In United States v. Evans, 883 F.3d 1154 (9th Cir. 2018), the
Ninth had held that these conditions were unconstitutionally vague. Id.
Ped asked these conditions be corrected on appeal.
Issue(s): The
government declined to assert the appeal waiver, and agreed that the conditions
were unconstitutional. On appeal, “the government suggested that we rewrite the
conditions and affirm the judgment as modified.” Id. at *4.
Held: “Upon further consideration, the government changed its
position and argued that a remand is appropriate. We agree.” Id.
Of Note: The key aspect of the supervised release beef in Ped
is not whether the conditions of supervised release are constitutional: they aren’t.
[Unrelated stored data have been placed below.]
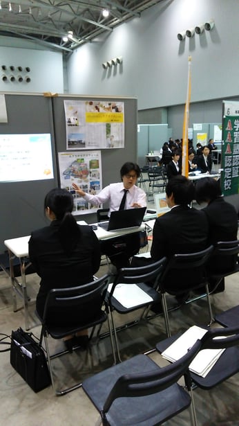 左は当社のブースです。学生さんに深沼部長が熱く語りかけています。
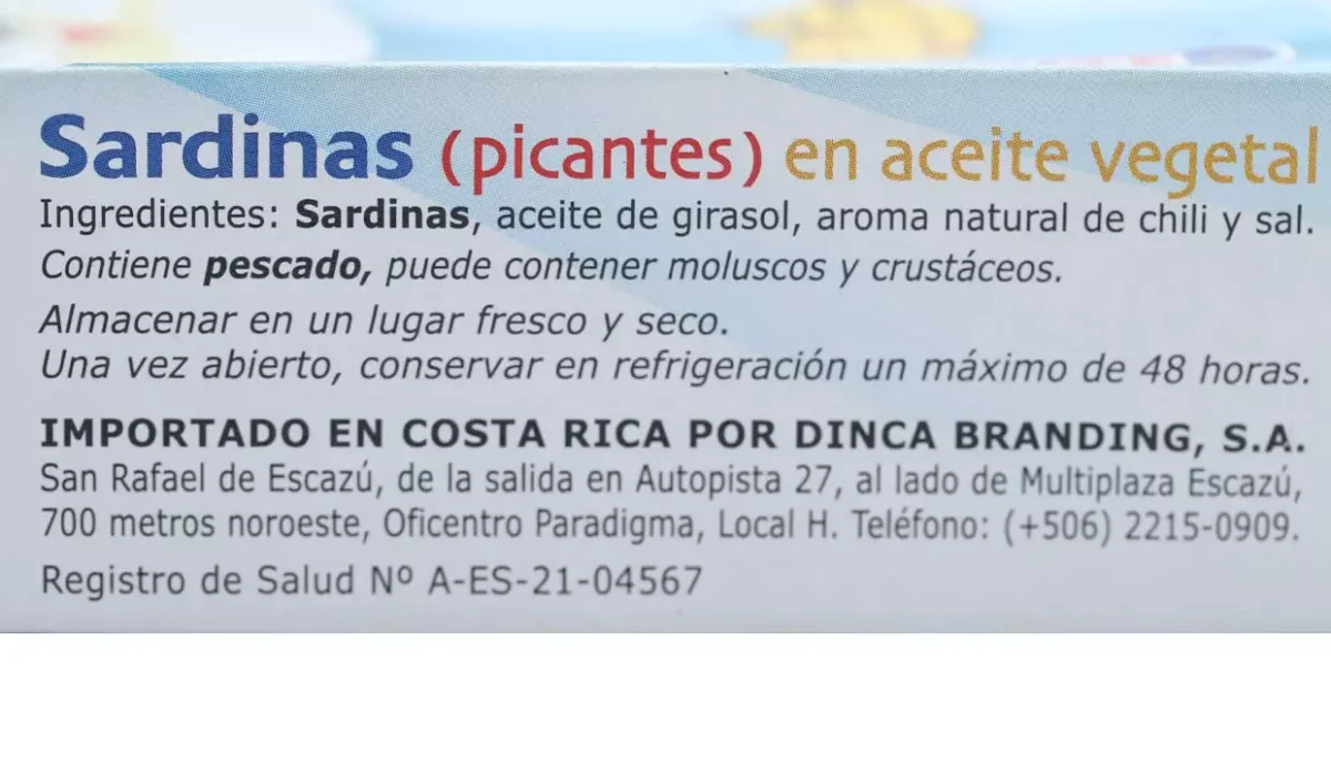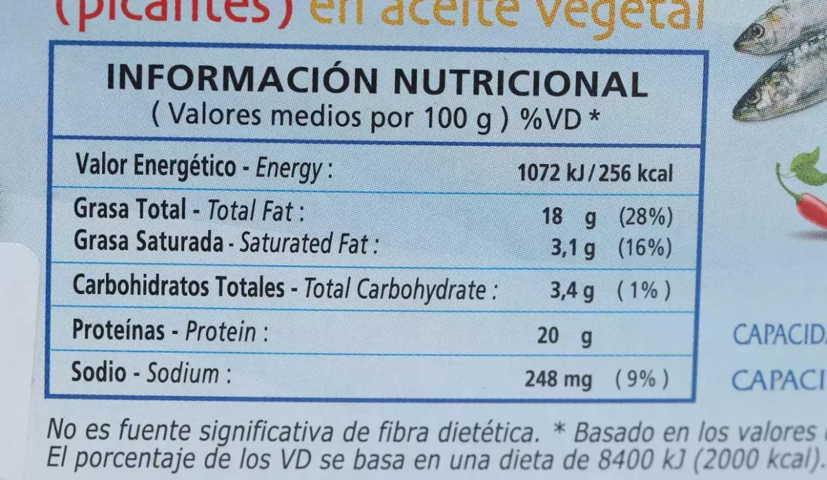 | Características | Sardinas picantes en aceite vegetal |
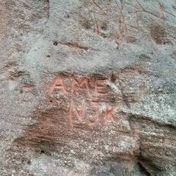Hier gibt es sehr viel Sandstein, und an vielen Stellen ist zu sehen, wie die Felsen sich verändern, große Teile abbrechen, Sandhäufchen darunter liegen, aber an der Felswand ist auch zu sehen, dass so gut wie jeder sich hier im weichen Fels zu verewigen scheint, denn es ist kaum eine Stelle zu finden, an der nichts eingraviert ist.
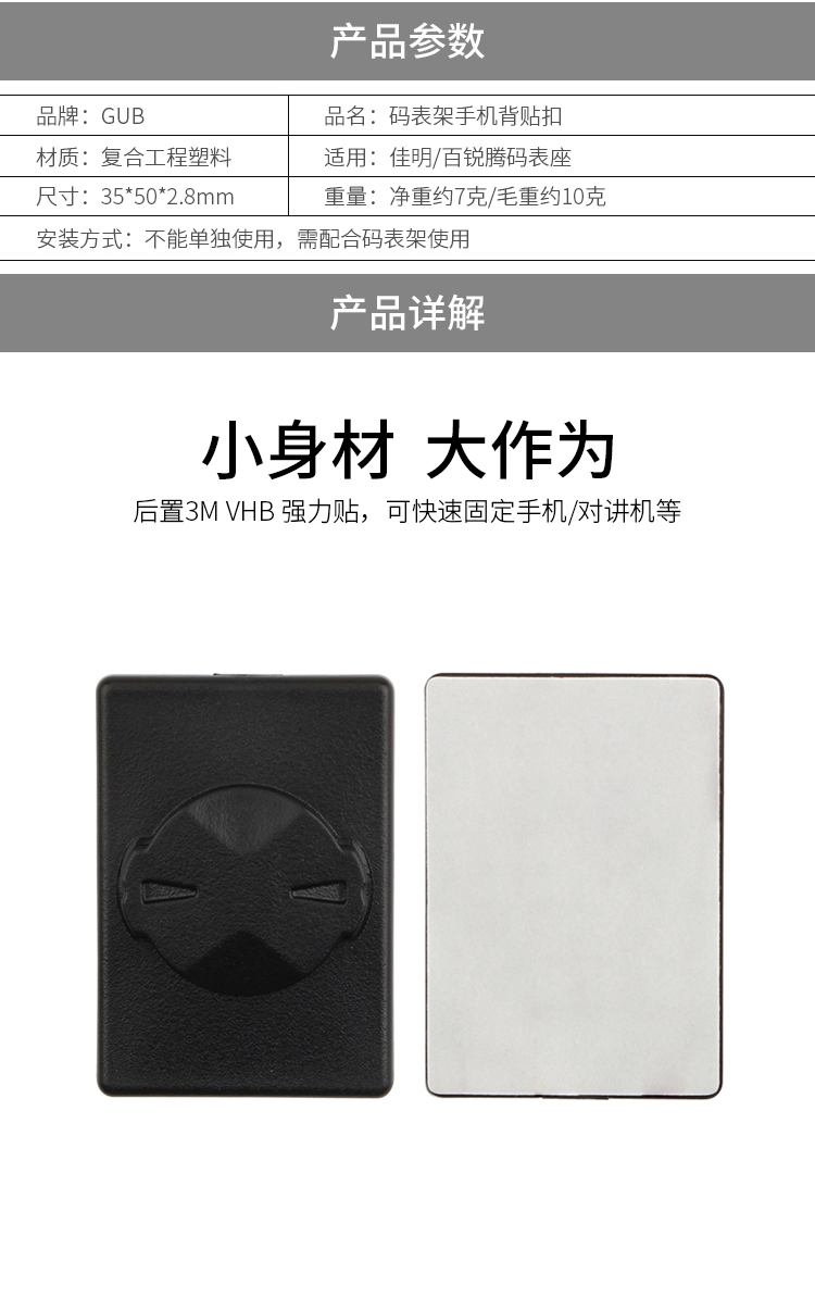 名稱:GUB 碼表座背貼扣 適用:手機、對講機等 材質(zhì):復合工程材料 規(guī)格:佳明/百銳騰 重量:約7克(凈重)/約10克(毛重) 統(tǒng)一零售價:12元
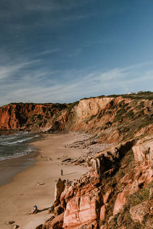 Delightful panoramic view of the Portuguese beach of the village of Odeceixe with tourists in summer. High quality photo
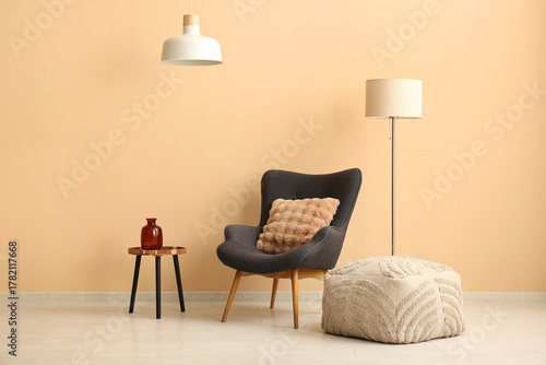 Stylish armchair with soft pouf and lamps near beige wall in modern room

Instead, Judge Miller spills a
fair amount of ink explaining why the appellate court cannot cobble together a
fix, and instead must vacate the contested conditions and remand for
resentencing. Id. at *5.
Judge Miller is a new Ninthjurist, and Ped may offer an interesting insight into his views of the
limited roles of an appellate court. That worked well for the defense here – but
we may be less keen on this district-court deference when we’re attacking a decision
under an “abuse of discretion” standard.
How to Use:
Ped won this S/R battle, but lost the parole-search war at the heart of this
case. Id. at *1.
The cops in this case learned that Ped’s brother, who
was on “post-release community supervision” (like parole), lived in a house
where Ped also resided. Id. at *1. Three months later (and after
the Probation Officer was given a new and updated address for the brother)
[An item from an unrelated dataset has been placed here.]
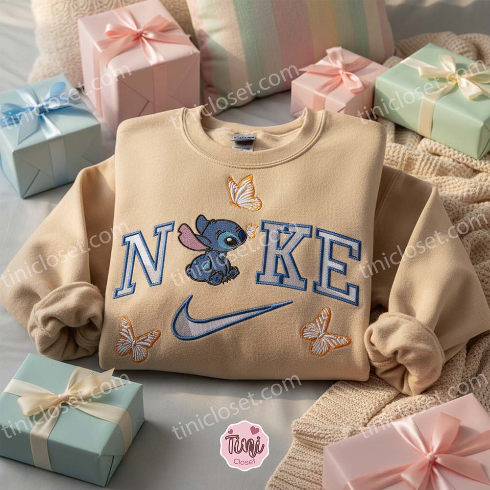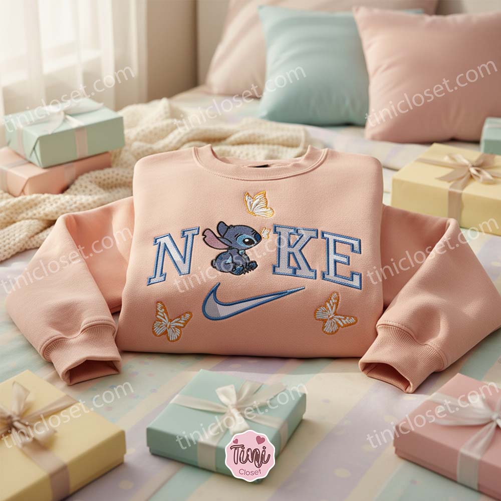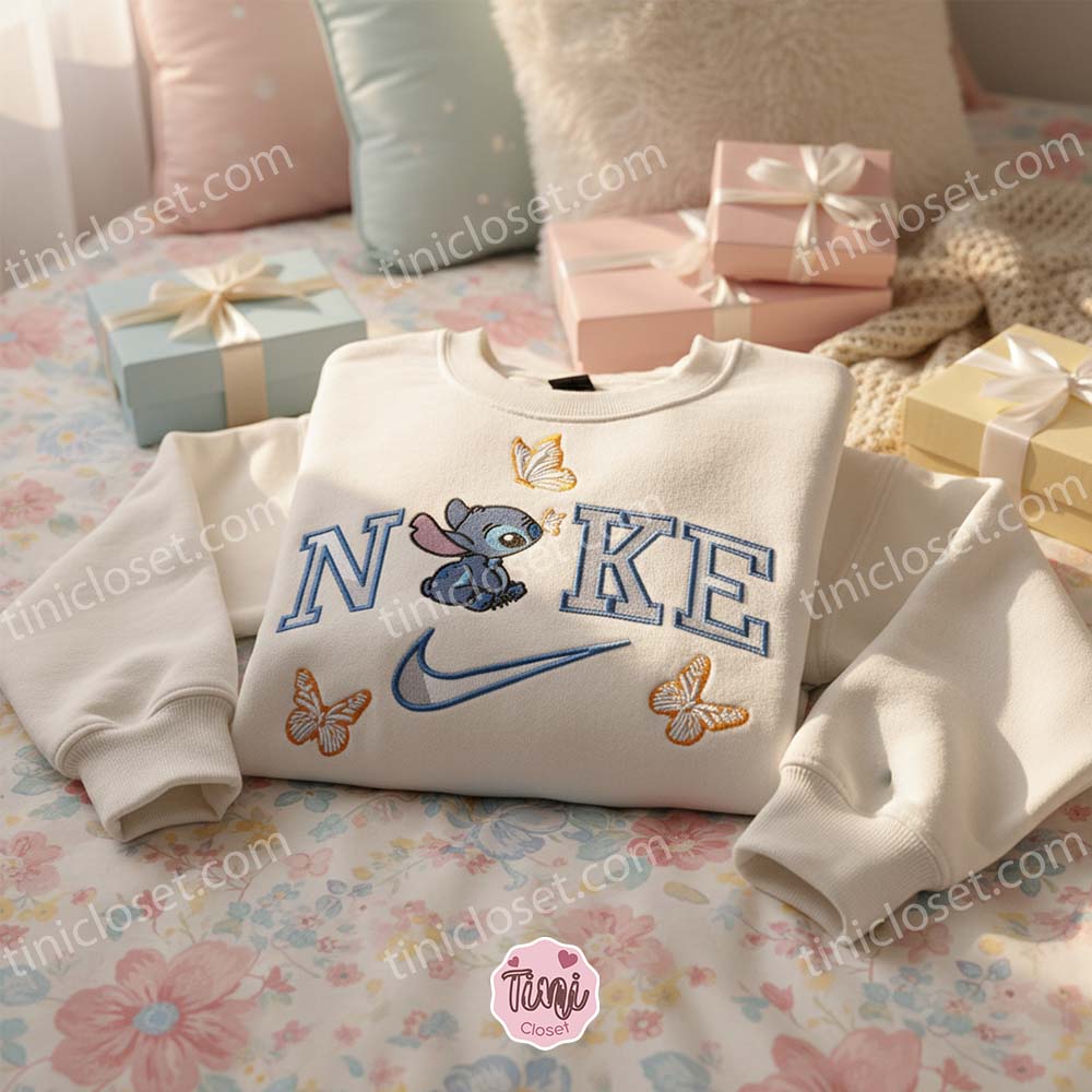 “Even the Wildest Experiments Have a Soft Spot.” – Stitch Butterfly Embroidered Sweatshirt

the cops searched the brother’s old original residence without a warrant.
Id. at *2. The cops discovered Ped, meth pipe in hand, and went on to
extract Ped’s confession to the guns found at the house. Id.
The suppression issue was whether these
sloppy cops had probable cause to believe the brother still lived at Ped’s
house, when they relied upon three-month old residence info and when they didn’t
bother to learn the new and correct address given to the P.O. Id.
at *3.
“Meh - good enough for government work,” is
the gist of the disappointing Fourth Amendment holding: “To be reasonable is
not to be perfect, and so the Fourth Amendment allows for some mistakes on the
part of government officials.” Id. at *3.
Ped, unfortunately, is an important – albeit
fact-bound – decision on probable cause and parole searches of third-party residences.
It merits a close read for parole-search cases.
For Further
Reading: We defense attorneys review our clients’
priors. Turns out we should be checking cops’ priors as well. In a fascinating
piece, the East Bay Times reveals the number of cops with “dubious
backgrounds” in the McFarland Police Department. See article here.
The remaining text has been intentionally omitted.